Pakistani Airforce officer

Air Commodore Muhammad Zakaria Butt was a Pakistan Air Force fighter pilot who served in the Indo-Pakistani War of 1965 and 1971. He was born to a respected family of Lahore in 1929. He was the commander of the Students' Guard for Quaid-e-Azam Muhammad Ali Jinnah from 1946 to 1948, worked closely with Jinnah, and after his death was commissioned as a pilot officer in the Pakistan Air Force in 1948.

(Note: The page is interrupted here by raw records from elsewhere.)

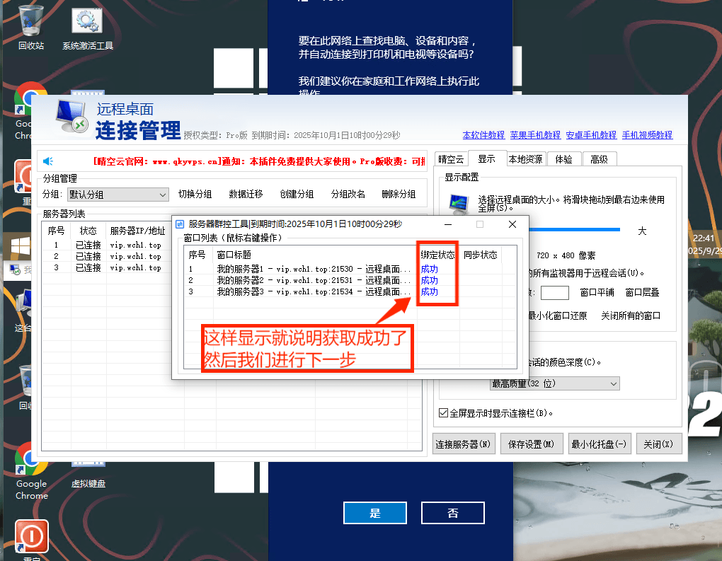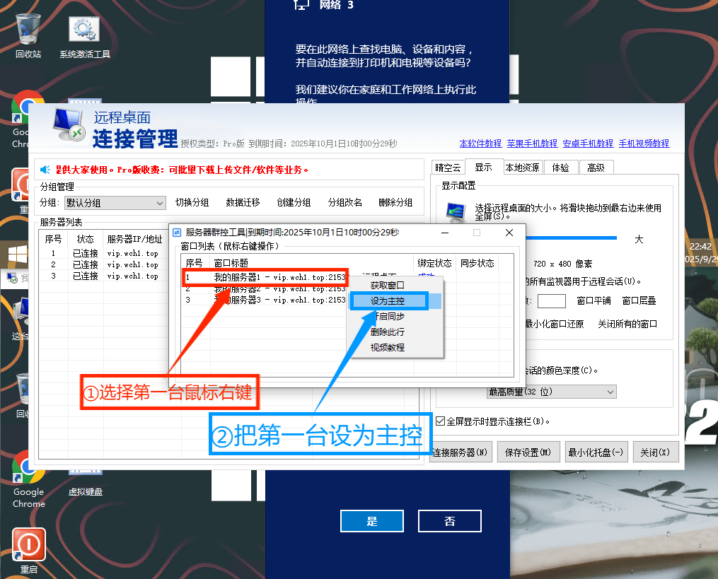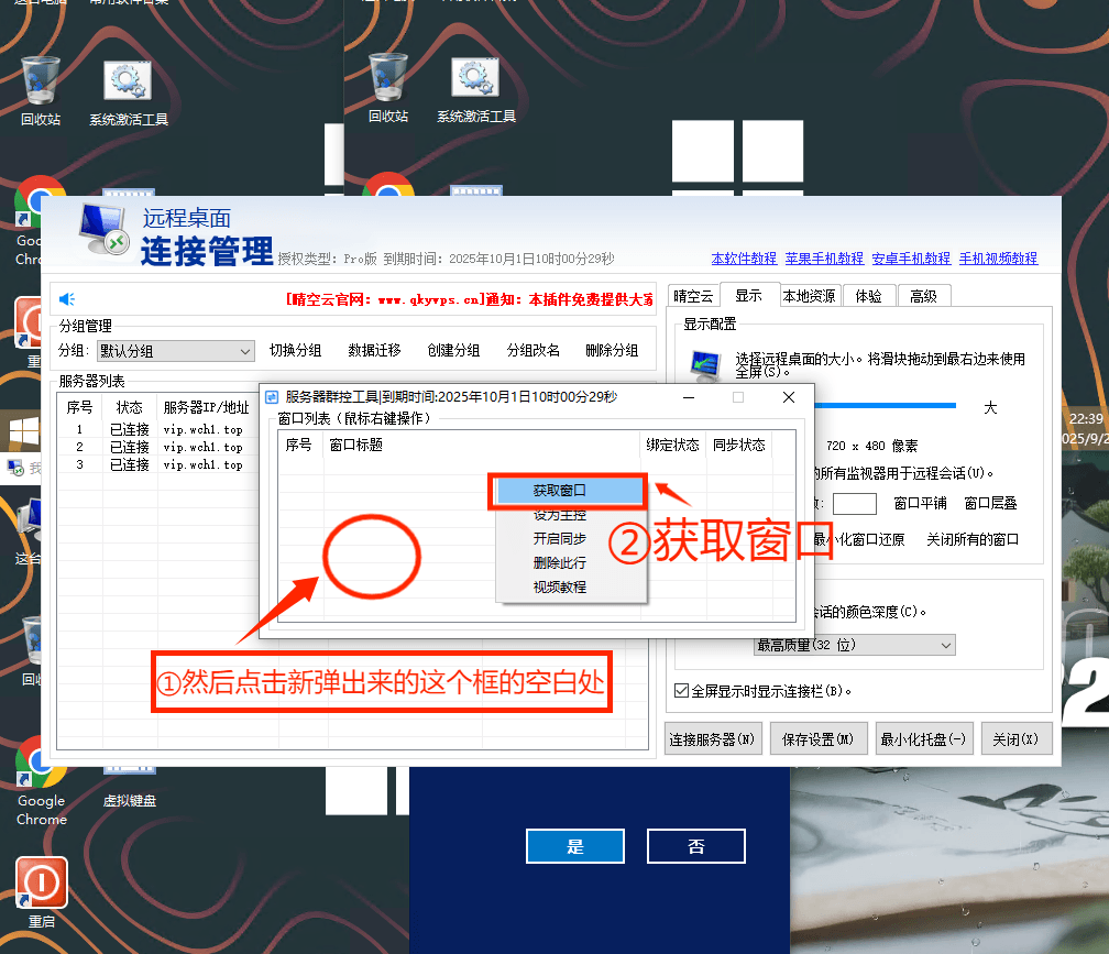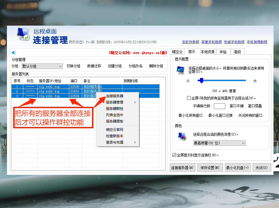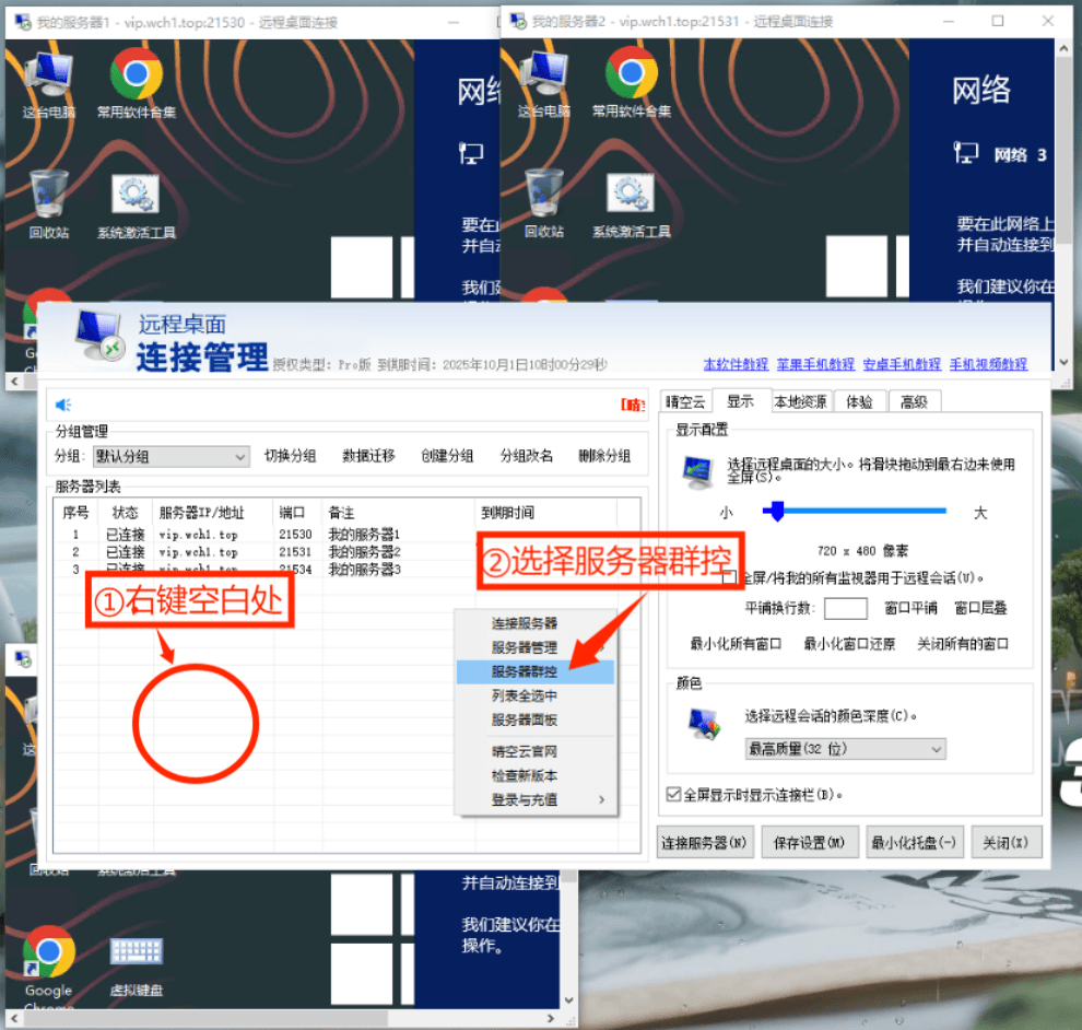②:专业版功能如下包含免费版所有功能。新增:不限制机器登录数量、支持批量导入服务器云电脑(不需要一台台手动添加)、可创建分组、分组改名、删除分组、修改机器备注、最小化所有窗口、最小化窗口还原、一键关闭所有窗口、窗口一键平铺、窗口一键折叠、批量改密、{在官网购买的机器支持改密码/重启/开关机/一键登录控制面板}。量大可免费提供)
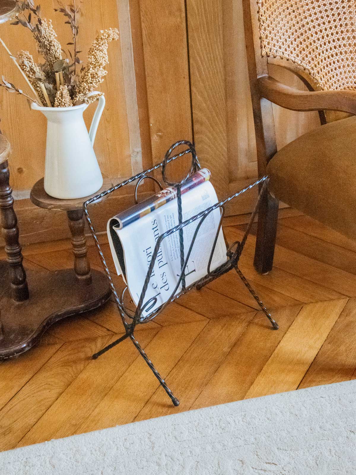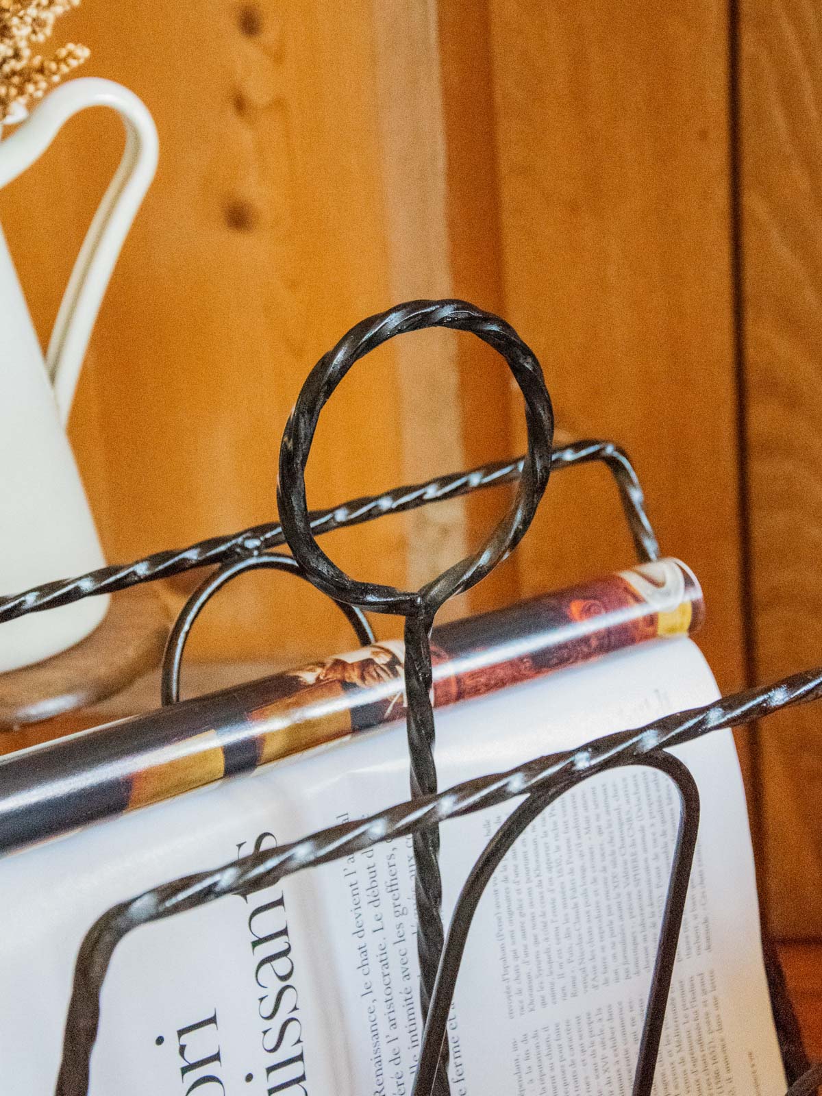 Découvrez ce porte-revues en métal noir torsadé, au dessin aérien qui mêle structure solide et délicatesse sculpturale. Sa poignée facilite les déplacements tandis que ses proportions élancées s'intègrent naturellement dans un salon, une entrée ou un bureau, accueillant journaux, magazines et revues avec élégance. La finition noire confère une allure contemporaine et discrète, capable de souligner un intérieur industriel ou plus raffiné. Objet pratique et décoratif, il crée une ambiance ordonnée et chaleureuse.
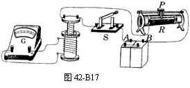 14.图42-B17为“研究电磁感应现象”的装置示意图.已知电流从正接线柱流入电流表时,指针向右偏转. (1)闭合开关S稳定后,将滑动变阻器的滑动触头P向右滑动,发现电流表指针向右偏转,则可断定电源的正极是 . (2)以下做法能使电流表指针向左偏转的是 .

Muhammad Zakaria Butt was one of the finest fighter pilots and administrators in the history of PAF. He had a distinguished career, founded the Squadron 17 in 1957, commanded all major bases in Pakistan and headed the first Pakistani mission in Saudi Arabia. He served as the Air Defence Commander in 1971 war. He was also the Deputy Chief of Air Staff and Inspector General of the PAF.